(Requirement)
Leave out the pictures and output exactly the lines below from the one with "3 וואסער א טייל" down to the one with "李西廷董事长一行首先来到医学", both of them included.

(Provided records)
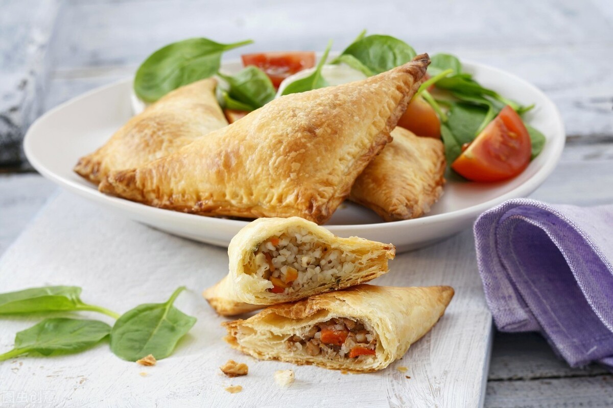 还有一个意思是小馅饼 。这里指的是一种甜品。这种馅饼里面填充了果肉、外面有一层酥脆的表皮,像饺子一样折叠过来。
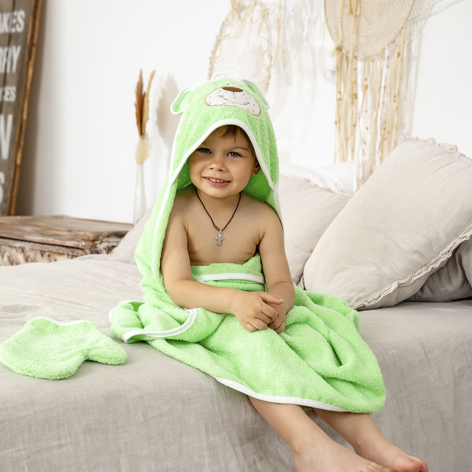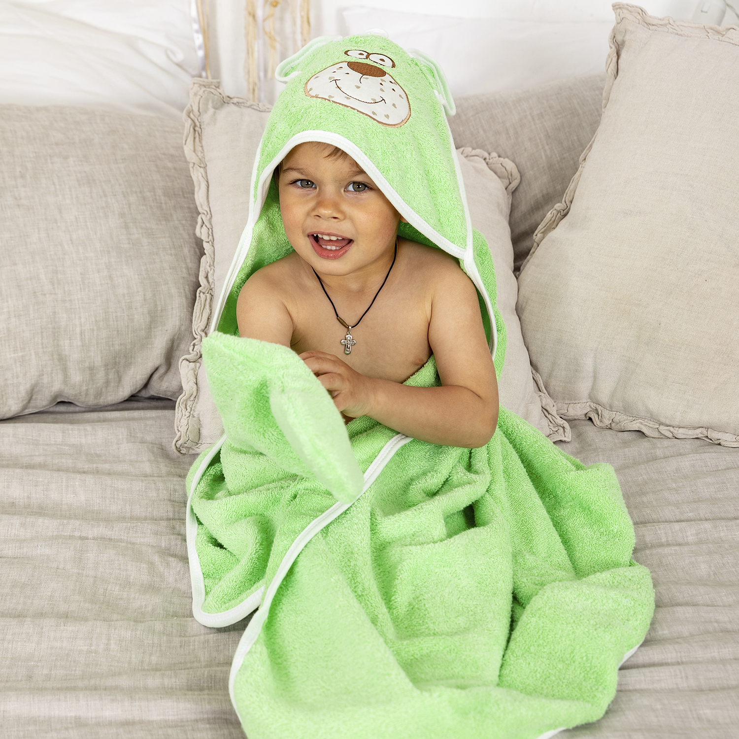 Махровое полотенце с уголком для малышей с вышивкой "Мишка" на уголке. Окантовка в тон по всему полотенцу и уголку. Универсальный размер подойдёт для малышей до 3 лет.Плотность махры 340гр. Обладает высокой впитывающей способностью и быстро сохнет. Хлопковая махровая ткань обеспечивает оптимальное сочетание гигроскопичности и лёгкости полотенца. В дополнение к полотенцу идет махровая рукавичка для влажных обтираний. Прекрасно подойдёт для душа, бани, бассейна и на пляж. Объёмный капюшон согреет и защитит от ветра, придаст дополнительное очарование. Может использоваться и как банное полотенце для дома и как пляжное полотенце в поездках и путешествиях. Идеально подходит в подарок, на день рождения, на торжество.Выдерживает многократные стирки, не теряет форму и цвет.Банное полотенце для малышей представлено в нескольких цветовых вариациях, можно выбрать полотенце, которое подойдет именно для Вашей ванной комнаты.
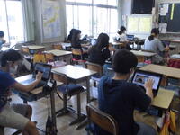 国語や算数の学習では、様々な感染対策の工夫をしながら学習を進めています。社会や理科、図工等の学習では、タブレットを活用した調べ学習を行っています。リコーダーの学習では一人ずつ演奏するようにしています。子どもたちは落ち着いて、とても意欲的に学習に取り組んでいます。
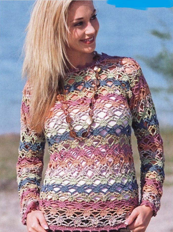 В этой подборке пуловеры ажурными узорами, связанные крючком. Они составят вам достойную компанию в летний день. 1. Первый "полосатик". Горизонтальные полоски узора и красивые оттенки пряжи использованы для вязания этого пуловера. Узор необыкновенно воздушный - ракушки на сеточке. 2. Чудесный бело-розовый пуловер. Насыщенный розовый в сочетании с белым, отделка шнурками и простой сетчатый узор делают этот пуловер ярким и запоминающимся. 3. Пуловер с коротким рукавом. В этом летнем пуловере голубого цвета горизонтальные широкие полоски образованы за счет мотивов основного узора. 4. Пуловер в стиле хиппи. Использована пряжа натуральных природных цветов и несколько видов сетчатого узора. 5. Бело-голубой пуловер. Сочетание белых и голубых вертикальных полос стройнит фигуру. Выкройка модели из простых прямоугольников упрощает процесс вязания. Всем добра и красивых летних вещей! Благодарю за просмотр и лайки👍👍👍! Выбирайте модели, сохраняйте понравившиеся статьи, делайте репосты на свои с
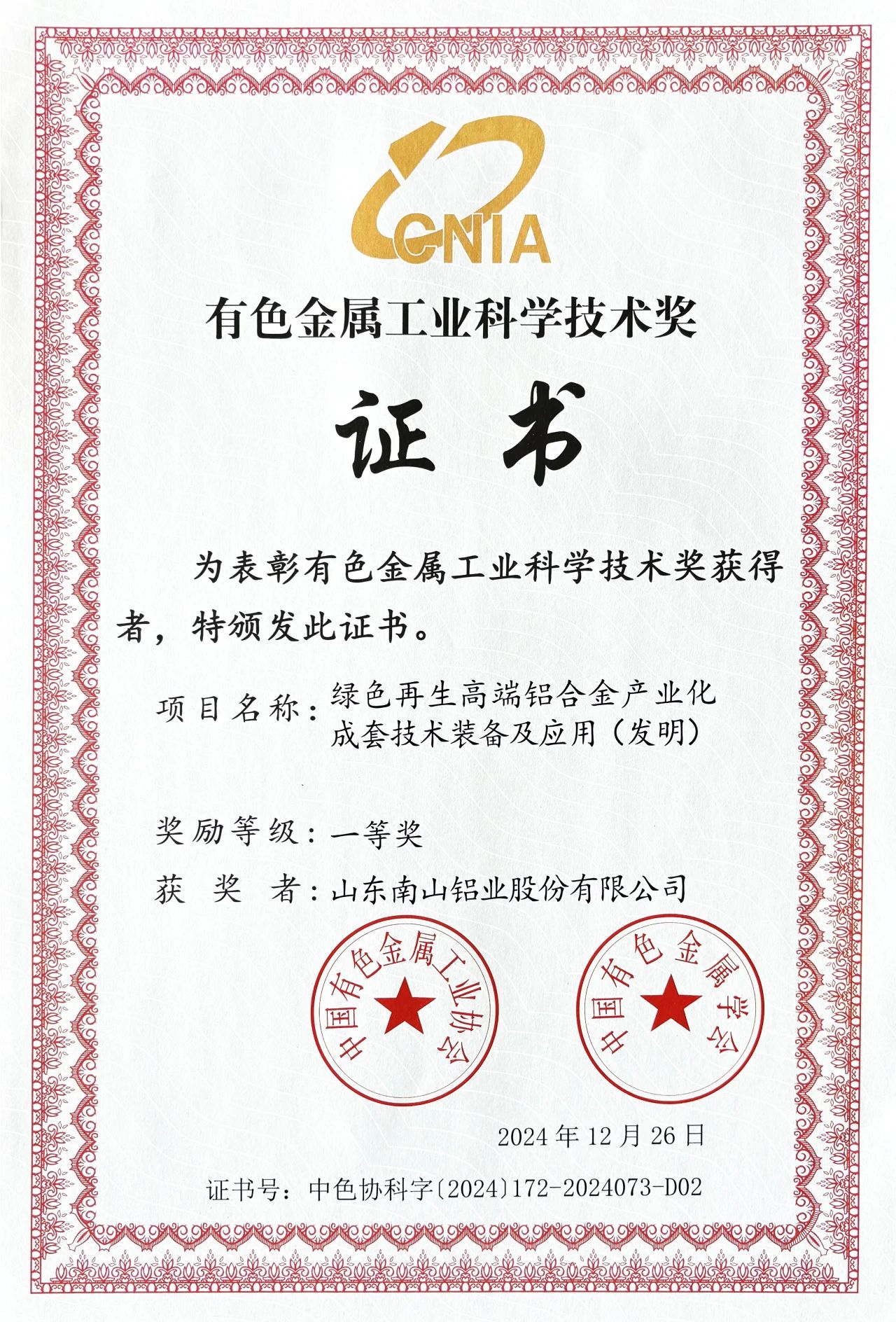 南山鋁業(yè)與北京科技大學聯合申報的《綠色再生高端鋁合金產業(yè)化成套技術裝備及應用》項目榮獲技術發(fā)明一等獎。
==
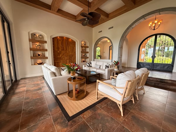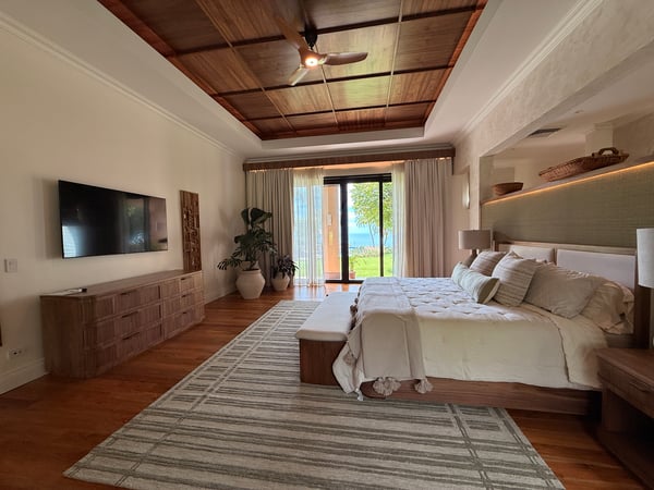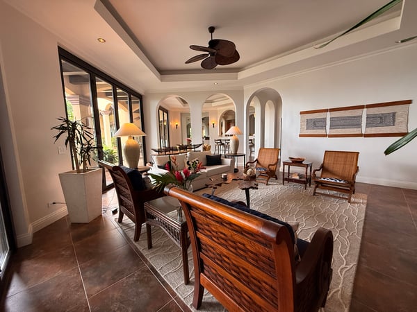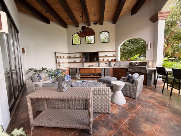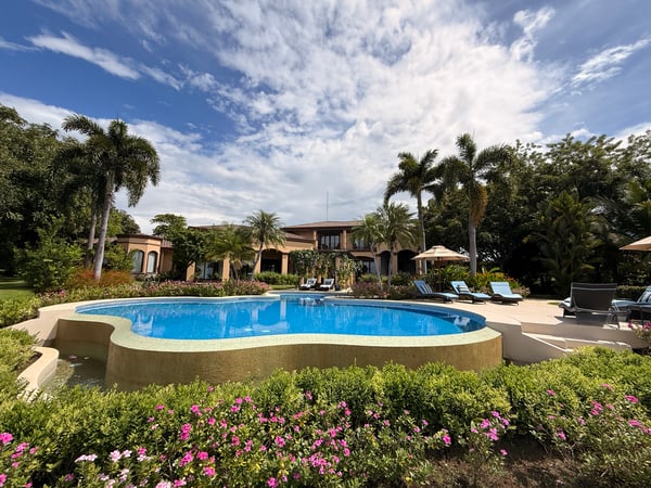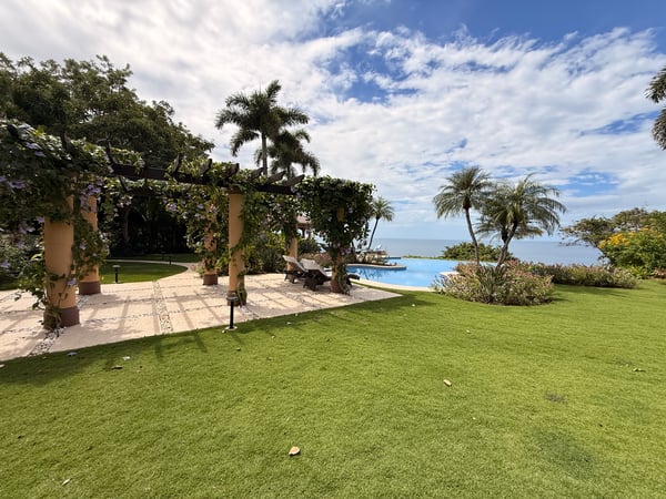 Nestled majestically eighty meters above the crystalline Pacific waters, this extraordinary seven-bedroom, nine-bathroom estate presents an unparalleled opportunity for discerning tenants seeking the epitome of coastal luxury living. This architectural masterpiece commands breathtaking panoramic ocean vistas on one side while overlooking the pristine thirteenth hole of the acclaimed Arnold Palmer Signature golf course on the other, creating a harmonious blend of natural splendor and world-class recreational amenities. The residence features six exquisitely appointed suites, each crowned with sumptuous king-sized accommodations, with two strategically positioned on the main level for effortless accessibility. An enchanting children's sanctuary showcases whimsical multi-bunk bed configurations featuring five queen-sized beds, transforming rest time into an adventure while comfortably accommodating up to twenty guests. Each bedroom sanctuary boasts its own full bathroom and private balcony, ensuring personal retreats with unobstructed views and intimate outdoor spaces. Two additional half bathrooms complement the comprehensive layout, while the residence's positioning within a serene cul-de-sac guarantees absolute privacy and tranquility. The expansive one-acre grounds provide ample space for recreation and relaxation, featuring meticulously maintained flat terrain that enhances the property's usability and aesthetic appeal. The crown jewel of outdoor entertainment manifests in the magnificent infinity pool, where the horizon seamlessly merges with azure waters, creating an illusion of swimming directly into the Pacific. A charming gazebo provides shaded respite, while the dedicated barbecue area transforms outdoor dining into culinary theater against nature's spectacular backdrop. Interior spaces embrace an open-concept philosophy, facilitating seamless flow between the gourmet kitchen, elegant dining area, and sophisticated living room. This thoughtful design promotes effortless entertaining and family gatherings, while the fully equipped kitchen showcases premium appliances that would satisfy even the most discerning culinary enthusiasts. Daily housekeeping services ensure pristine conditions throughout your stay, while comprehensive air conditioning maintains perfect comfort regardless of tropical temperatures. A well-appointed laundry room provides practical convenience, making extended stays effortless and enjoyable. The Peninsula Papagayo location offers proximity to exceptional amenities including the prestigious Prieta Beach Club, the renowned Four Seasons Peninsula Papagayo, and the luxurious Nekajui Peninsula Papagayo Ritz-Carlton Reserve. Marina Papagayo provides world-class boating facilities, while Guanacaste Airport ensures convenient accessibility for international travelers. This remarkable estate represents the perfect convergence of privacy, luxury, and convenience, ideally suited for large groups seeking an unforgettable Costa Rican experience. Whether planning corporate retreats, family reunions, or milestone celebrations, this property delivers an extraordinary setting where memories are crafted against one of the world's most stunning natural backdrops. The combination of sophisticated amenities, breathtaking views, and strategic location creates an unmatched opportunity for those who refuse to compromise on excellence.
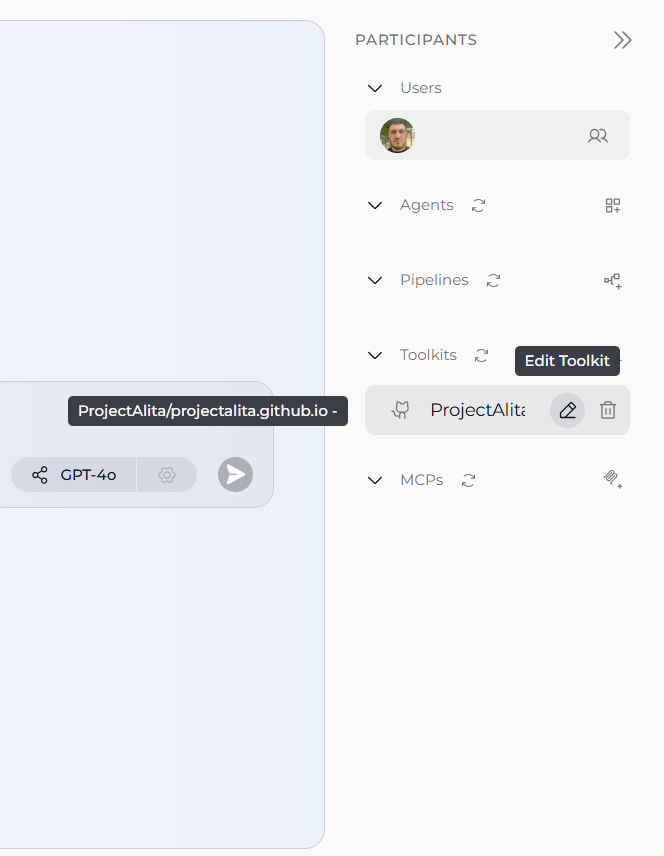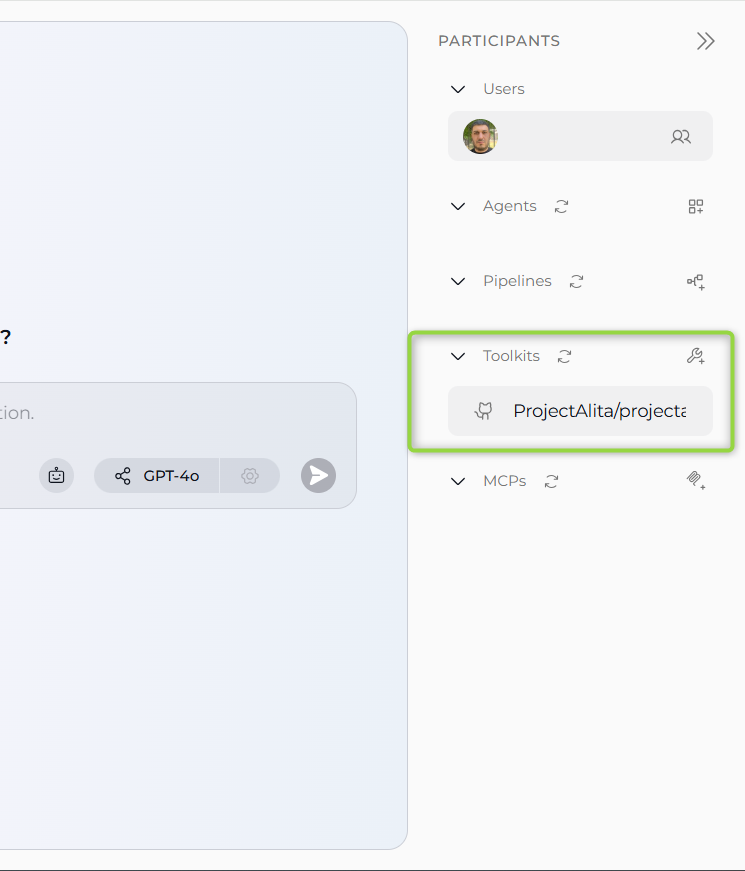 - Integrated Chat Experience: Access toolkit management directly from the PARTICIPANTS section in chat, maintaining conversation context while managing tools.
* * *
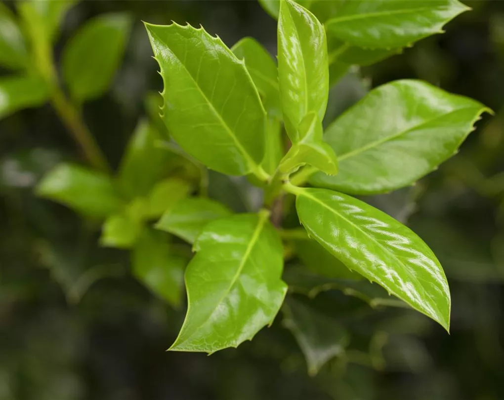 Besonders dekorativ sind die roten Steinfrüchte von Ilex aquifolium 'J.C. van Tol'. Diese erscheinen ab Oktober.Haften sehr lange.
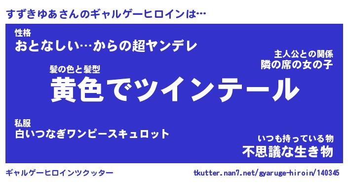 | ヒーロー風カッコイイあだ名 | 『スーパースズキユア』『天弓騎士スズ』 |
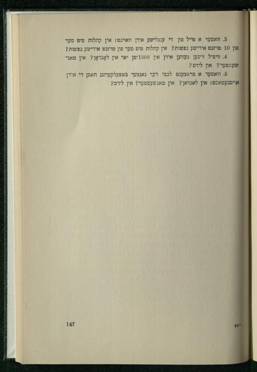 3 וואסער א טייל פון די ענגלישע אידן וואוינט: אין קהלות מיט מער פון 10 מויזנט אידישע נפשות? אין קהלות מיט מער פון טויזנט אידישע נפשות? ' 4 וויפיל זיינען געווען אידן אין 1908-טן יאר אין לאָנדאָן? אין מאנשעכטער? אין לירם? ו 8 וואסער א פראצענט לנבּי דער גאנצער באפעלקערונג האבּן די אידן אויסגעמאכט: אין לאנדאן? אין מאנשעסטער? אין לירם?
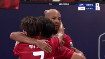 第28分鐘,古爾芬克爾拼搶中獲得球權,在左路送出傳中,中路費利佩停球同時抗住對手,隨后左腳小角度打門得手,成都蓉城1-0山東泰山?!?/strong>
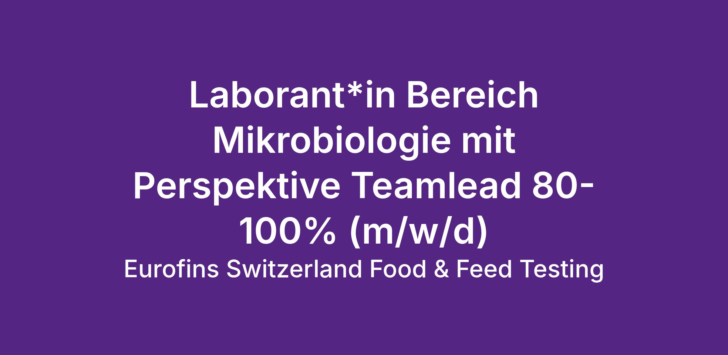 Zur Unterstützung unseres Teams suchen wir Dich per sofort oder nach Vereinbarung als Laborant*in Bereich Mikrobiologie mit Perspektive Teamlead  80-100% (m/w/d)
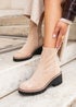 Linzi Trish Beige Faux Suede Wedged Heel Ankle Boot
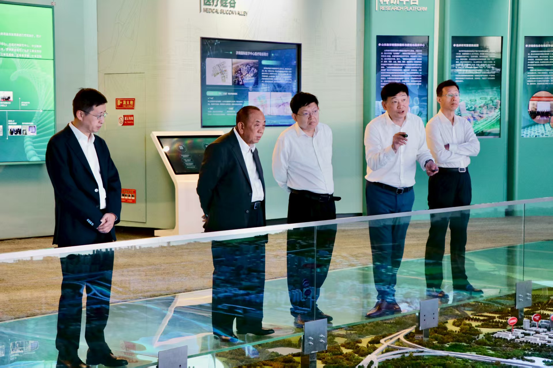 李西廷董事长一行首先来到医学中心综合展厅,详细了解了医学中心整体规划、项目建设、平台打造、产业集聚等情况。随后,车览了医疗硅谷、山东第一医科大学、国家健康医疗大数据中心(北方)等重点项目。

(Task answer)
 3 וואסער א טייל פון די ענגלישע אידן וואוינט: אין קהלות מיט מער פון 10 מויזנט אידישע נפשות? אין קהלות מיט מער פון טויזנט אידישע נפשות? ' 4 וויפיל זיינען געווען אידן אין 1908-טן יאר אין לאָנדאָן? אין מאנשעכטער? אין לירם? ו 8 וואסער א פראצענט לנבּי דער גאנצער באפעלקערונג האבּן די אידן אויסגעמאכט: אין לאנדאן? אין מאנשעסטער? אין לירם?
 第28分鐘,古爾芬克爾拼搶中獲得球權,在左路送出傳中,中路費利佩停球同時抗住對手,隨后左腳小角度打門得手,成都蓉城1-0山東泰山?!?/strong>
 Zur Unterstützung unseres Teams suchen wir Dich per sofort oder nach Vereinbarung als Laborant*in Bereich Mikrobiologie mit Perspektive Teamlead  80-100% (m/w/d)
 Linzi Trish Beige Faux Suede Wedged Heel Ankle Boot
 李西廷董事长一行首先来到医学中心综合展厅,详细了解了医学中心整体规划、项目建设、平台打造、产业集聚等情况。随后,车览了医疗硅谷、山东第一医科大学、国家健康医疗大数据中心(北方)等重点项目。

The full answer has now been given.